Dataset section:
BEGIN

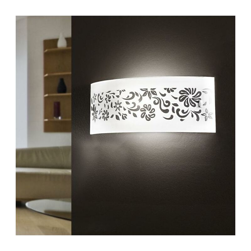 Applique da parete per interno, in vetro bianco con decoro floreale wenge' e fermavetro nickel satinato;
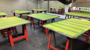 08 mesas oliver personalizadas montadas com cavaletes de ferro (12 toques e Dadidnho).
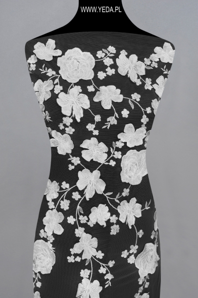 Kobieca i elegancka koronka niezdobiona wyróżniająca się najwyższą jakością wykonania. Wyjątkowy deseń sprawia, że materiał ten doskonale sprawdzi się jako część koktajlowej, wieczorowej, a nawet ślubnej kreacji. Głównym walorem estetycznym tego produktu jest właśnie wspomniany wzór, ponieważ na koronce nie pojawiają się żadne dodatkowe zdobienia. Ten materiał doskonale pasuje do kobiet, które cenią klasyczny styl i płynącą z niego subtelną elegancję.
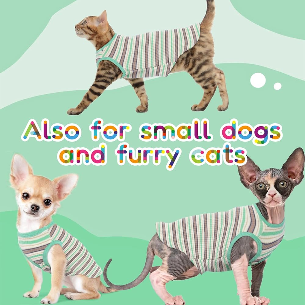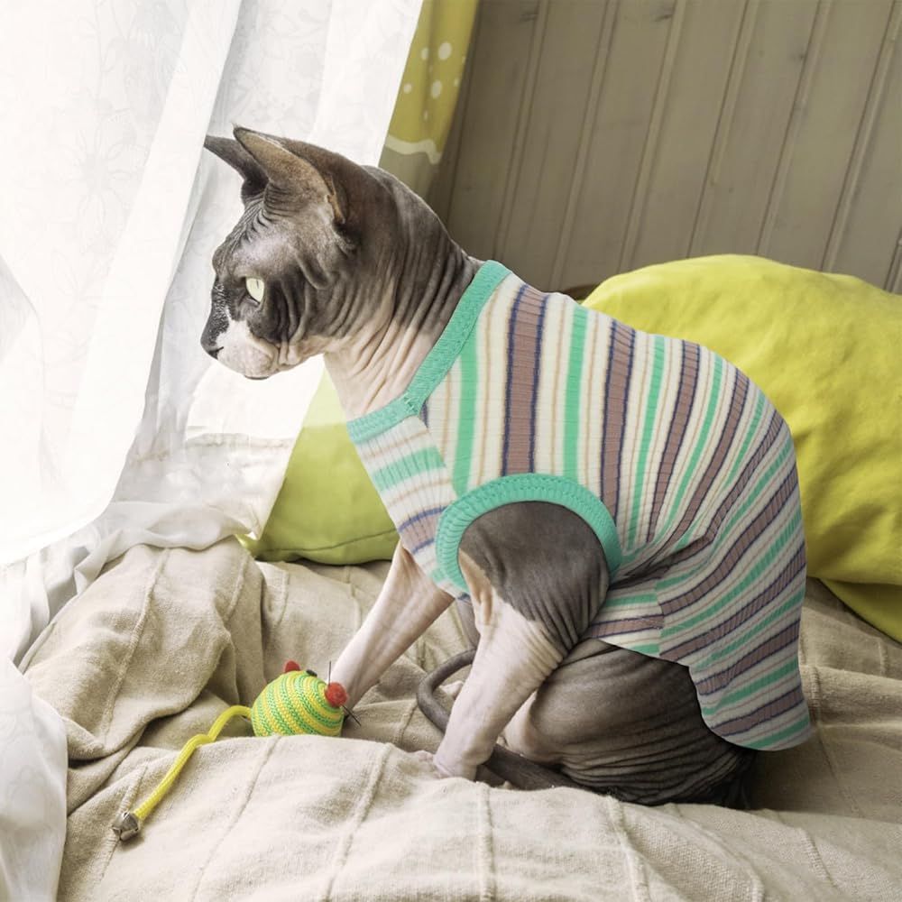 【تصميم عصري مخطط وعملي】 Sphynx رائع دائمًا، وسترة القطط Sphynx ذات النمط المخطط بالألوان تجعل قطتك أنيقة مميزة. ملابس قطط أبو الهول هذه تناسب الفصول الأربعة. في الصيف، تعتبر سترة القطط الممتصة للعرق مريحة للغاية عند ارتدائها وتمنع ارتفاع درجة الحرارة وستحافظ سترات القطط على دفء القطط في البيئات الباردة والشتاء. كما تحافظ بيجامة القطط على نظافة القطط وتحميها من التعرض للأذى.

END

Work to complete: Where a picture appears, omit it; otherwise reproduce each line above from the first to the one with "08 mesas oliver", inclusive.

Your solution:
 Applique da parete per interno, in vetro bianco con decoro floreale wenge' e fermavetro nickel satinato;
 08 mesas oliver personalizadas montadas com cavaletes de ferro (12 toques e Dadidnho).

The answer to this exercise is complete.